Leicester City. Brendan Rodgers był zakażony koronawirusem. "Nie mogłem nawet chodzić"

Brendan Rodgers był zakażony koronawirusem. Trener Leicester City zdradził, że w trakcie choroby nie miał siły, by wstać z łóżka.
Koronawirus dopadł Rodgersa kilkanaście dni po przerwaniu rozgrywek Premier League. Leczenie trwało długo.
- Na trzy tygodnie straciłem smak, węch i apetyt. Dziwnie było coś jeść i nie czuć, co to jest. Nie miałem sił, nie mogłem nawet chodzić. Moja żona czuła się równie źle. Zostaliśmy poddani testom, które wykazały zakażenie koronawirusem - wspomina Rodgers.

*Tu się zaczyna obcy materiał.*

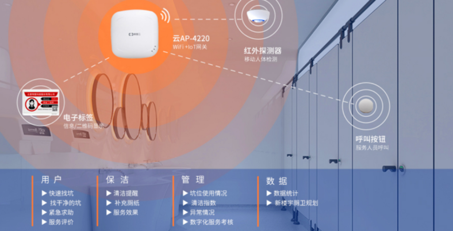 最典型是腾讯的“新一代智慧厕所”,不仅仅可通过坑位检测仪来监测厕卫的占用情况,超高分辨率的传感器实时监测空气的异味,烟雾探测器和声光报警器来监测厕卫异常情况,还联动了智能门锁、紧急求助、除菌净化机和空气净化设备,让厕卫管理更全面,让员工体验更加清洁方便。
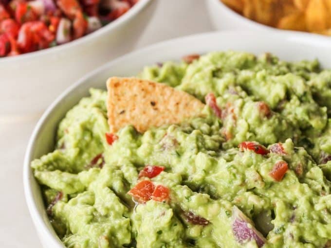 Today we make this guacamole almost every week. Sometimes I serve it up as a dip but often I just add it to other dishes!

- Trochę przypominało mi to moją wspinaczkę na Kilimandżaro. Gdy wchodzi się coraz wyżej, to oddycha się gorzej. Gdy wyzdrowiałem, chciałem pobiegać, ale już po 100 metrach było mi ciężko - dodał trener Leicester City.
"Lisy" to objawienie tego sezonu Premier League. Po dotychczas rozegranych meczach drużyna Rodgersa zajmuje trzecie miejsce w tabeli.